INPUT =
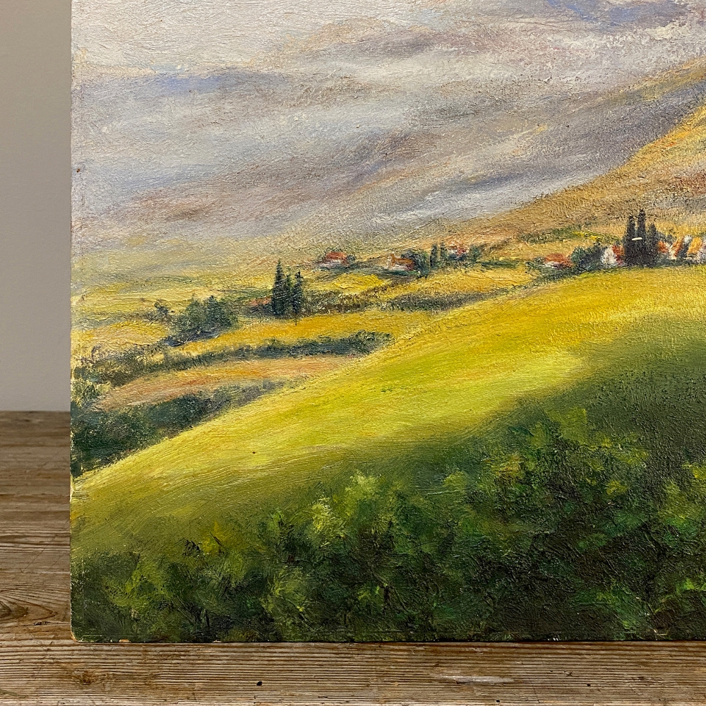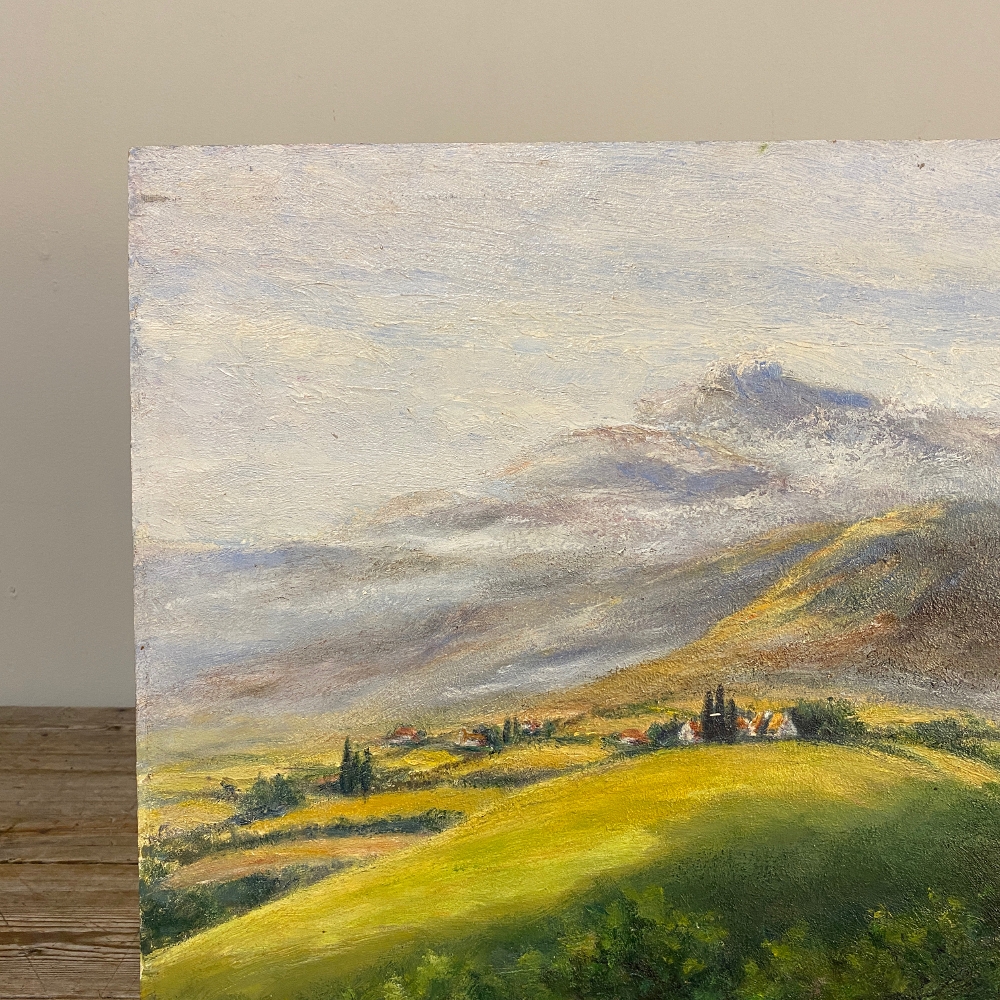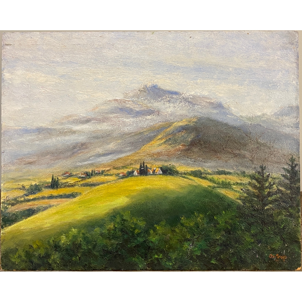 Antique Oil Painting on Board by H. G. Ontrop (1880-1955) represents a classic study in composition, for which the artist was truly gifted! The bold forest greens of the foreground blend into the sun-kissed curvature of the hilltop meadow, leading the eye to the grouping of homes at the foothills of the misty mountains in the background. Executed on board which is a more difficult platform for the artist than canvas, requiring more precision.
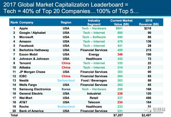 51、互联网公司领导公共市场今年市值最高的五所公司均来自科技领域,前20有40%的公司为科技公司。
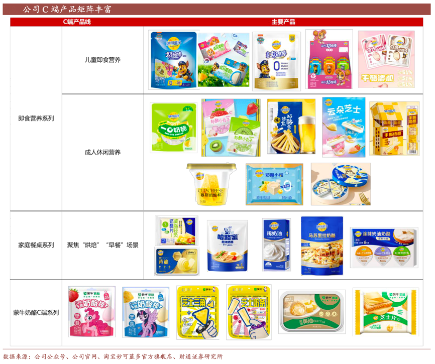 經(jīng)典案例:根據(jù)公司公眾號、公司官網(wǎng)、淘寶妙可藍(lán)多官方旗艦店、財(cái)通證券研究所等綜合資訊表明,妙可藍(lán)多公司堅(jiān)定推行“聚焦奶酪”戰(zhàn)略,以消費(fèi)者為導(dǎo) 向持續(xù)完善奶酪產(chǎn)品矩陣,現(xiàn)已構(gòu)建包括即食營養(yǎng)系列(可細(xì)分為兒童營養(yǎng)系列、 成人休閑營養(yǎng)系列)、家庭餐桌系列在內(nèi)的 C 端產(chǎn)品線。2024 年,公司即食 營養(yǎng)系列收入貢獻(xiàn)達(dá) 54.56%,毛利率達(dá) 46.97%,表現(xiàn)相對優(yōu)于家庭餐桌系列。
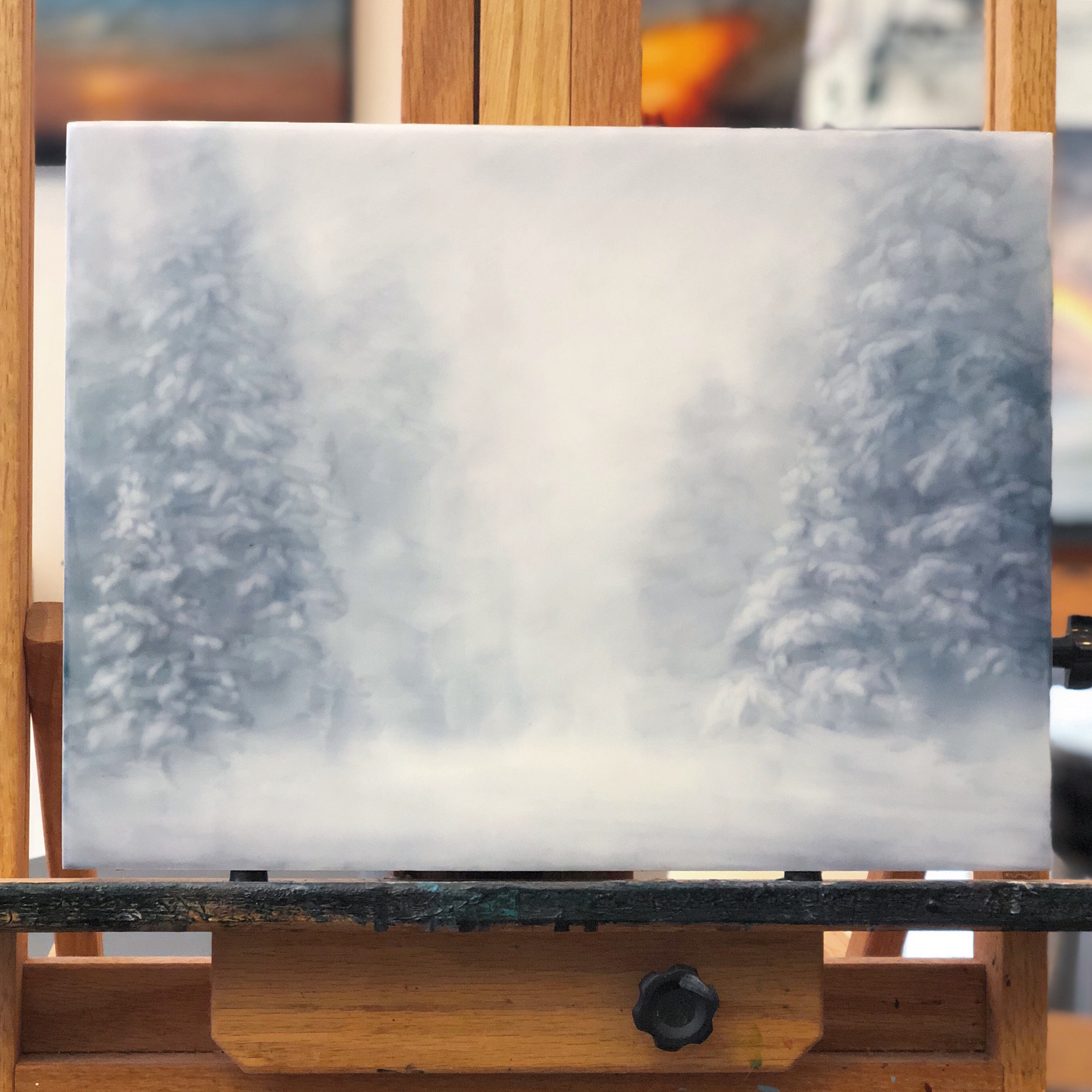 The last two weeks we saw the final gasps of winter. It seems appropriate that I have just sold this cold landscape painting as a farewell. The creation of this one is detailed on my YouTube channel.
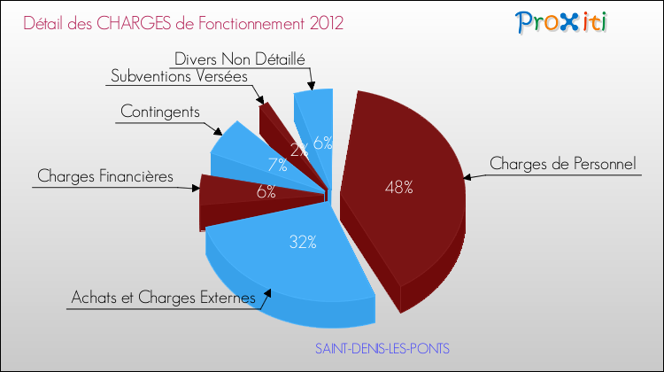 En 2012, les charges de fonctionnement de la commune de Saint-Denis-les-Ponts étaient de : 1 340 000 € décomposées comme suit :
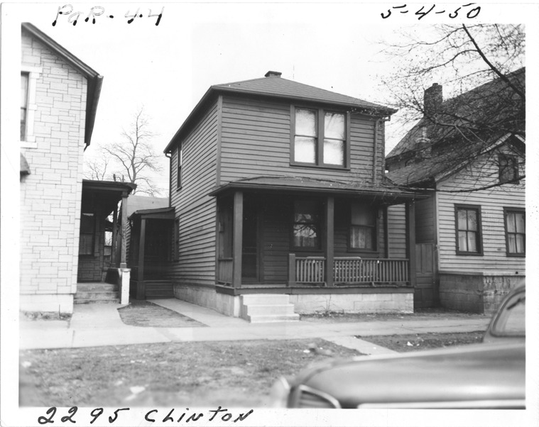 View of two-story wooden-frame house with hipped roof and covered entry porch located at 2295 Clinton, parcel 44, in the area bounded by Dequindre/Chene/Clinton/Mullett, site 2-S-7. Handwritten on front: "Par. 44, 2295 Clinton, 5-4-50."
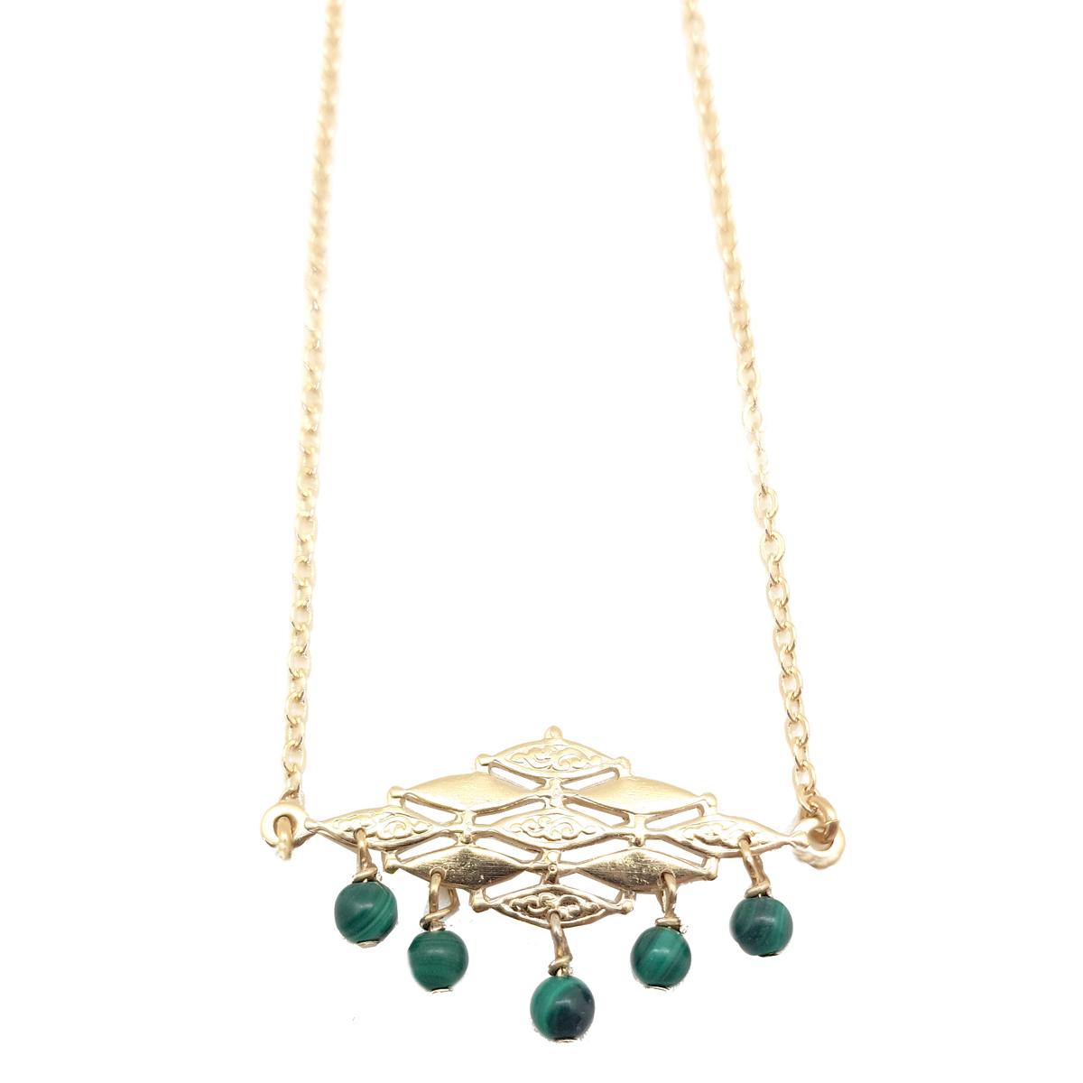 Un collier, entierement doré à l'or 24 carats, ponctué de pierres de malachite.
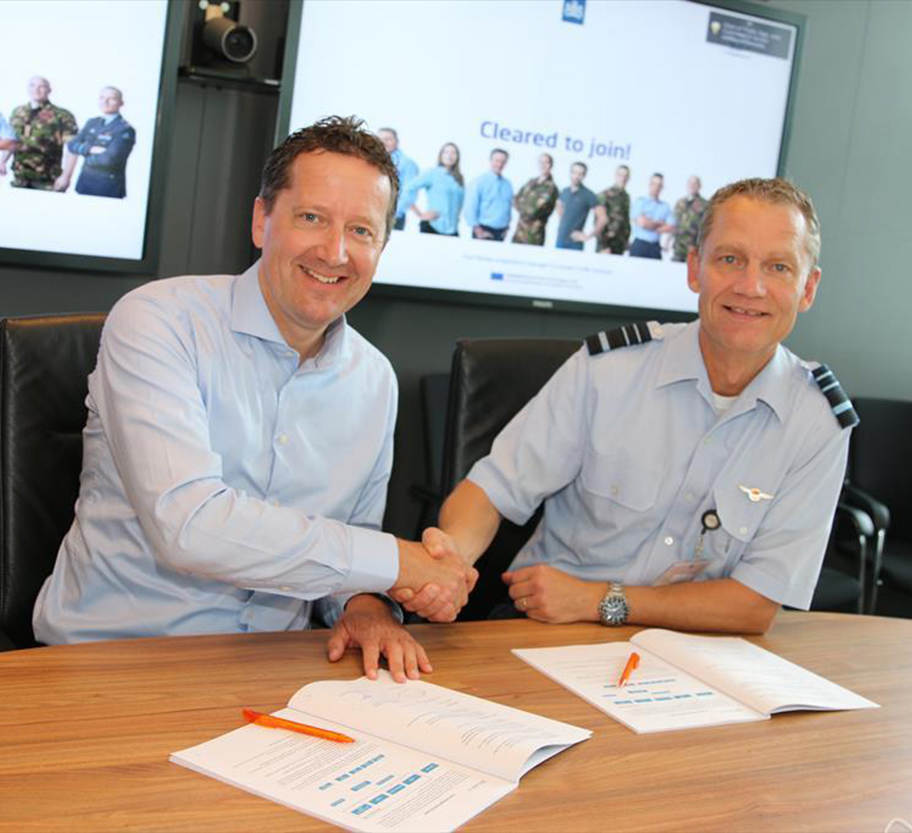 Samen slimmer communiceren. Met die insteek ondertekenden de luchtmacht en Luchtverkeersleiding Nederland (LVNL) op 11 juli een samenwerkingsovereenkomst.
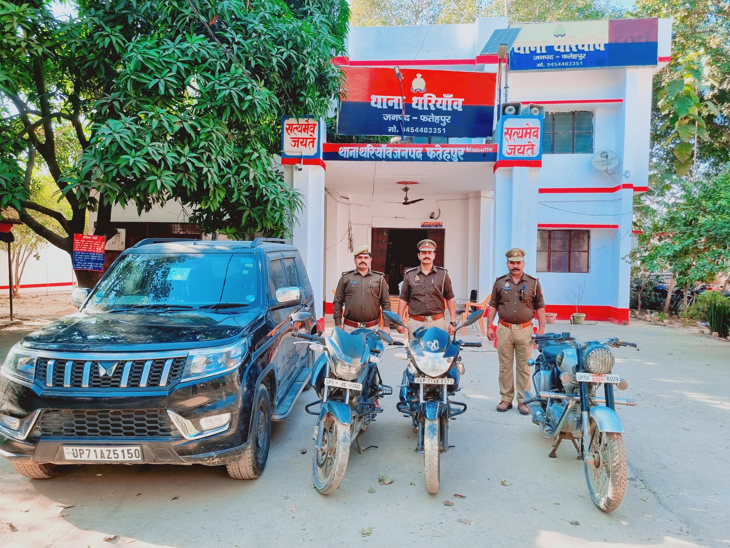 उत्तर प्रदेश फतेहपुर जिले के थरियांव थाने में सदर कोतवाली क्षेत्र के सनगांव गाँव निवासी इफ्तेखार खान के पुत्र गैगेस्टर के आरोपी मो० मोइन खान की बारह लाख अट्ठाइस हजार सात सौ रुपये की सम्पत्ति को धारा 14 (1) गैगेस्टर एक्ट के तहत जब्त किया गया। पुलिस अधीक्षक धवल जायसवाल के निर्देशन में अपराधियों के विरुद्ध चलाये जा रहे अभियान में आज 7 फरवरी को थरियांव थाने की।पुलिस द्वारा गैंगस्टर एक्ट से संबंधित शातिर गैगेस्टर आरोपी मो० मोइन खान पुत्र इफ्तेखार खान निवासी सनगांव सदर कोतवाली की बारह लाख अट्ठाइस हजार सात सौ रुपये की चल/अचल सम्पत्ति को धारा 14 (1) गैगेस्टर एक्ट के तहत जब्त किया गया।।जब्त सम्पति का विवरण UP71AK1229 बोलेरो NEO कीमत 10,15,000 रुपए, बुलेट क्लासिक 350 सीसी कीमत 95,000 रुपए, UP71AE3330 अपाचे आरटीआर 160 सीसी कीमत 53,700 रुपए, UP71AB0171 अपाचे आरटीआर 160 सीसी कीमत 42,000 रुपये, UP71U1363 अपाचे आरटीआर 160 सीसी कीमत 23,000 रूपए, कुल योग 12,28,700/- रुपये।

HOW TO COMPLETE THIS TASK = Extract word for word every line from the line that contains "Samen slimmer communiceren." to the final line of the data, both included, and nothing else; skip the pictures.

TASK RESPONSE =
 Samen slimmer communiceren. Met die insteek ondertekenden de luchtmacht en Luchtverkeersleiding Nederland (LVNL) op 11 juli een samenwerkingsovereenkomst.
 उत्तर प्रदेश फतेहपुर जिले के थरियांव थाने में सदर कोतवाली क्षेत्र के सनगांव गाँव निवासी इफ्तेखार खान के पुत्र गैगेस्टर के आरोपी मो० मोइन खान की बारह लाख अट्ठाइस हजार सात सौ रुपये की सम्पत्ति को धारा 14 (1) गैगेस्टर एक्ट के तहत जब्त किया गया। पुलिस अधीक्षक धवल जायसवाल के निर्देशन में अपराधियों के विरुद्ध चलाये जा रहे अभियान में आज 7 फरवरी को थरियांव थाने की।पुलिस द्वारा गैंगस्टर एक्ट से संबंधित शातिर गैगेस्टर आरोपी मो० मोइन खान पुत्र इफ्तेखार खान निवासी सनगांव सदर कोतवाली की बारह लाख अट्ठाइस हजार सात सौ रुपये की चल/अचल सम्पत्ति को धारा 14 (1) गैगेस्टर एक्ट के तहत जब्त किया गया।।जब्त सम्पति का विवरण UP71AK1229 बोलेरो NEO कीमत 10,15,000 रुपए, बुलेट क्लासिक 350 सीसी कीमत 95,000 रुपए, UP71AE3330 अपाचे आरटीआर 160 सीसी कीमत 53,700 रुपए, UP71AB0171 अपाचे आरटीआर 160 सीसी कीमत 42,000 रुपये, UP71U1363 अपाचे आरटीआर 160 सीसी कीमत 23,000 रूपए, कुल योग 12,28,700/- रुपये।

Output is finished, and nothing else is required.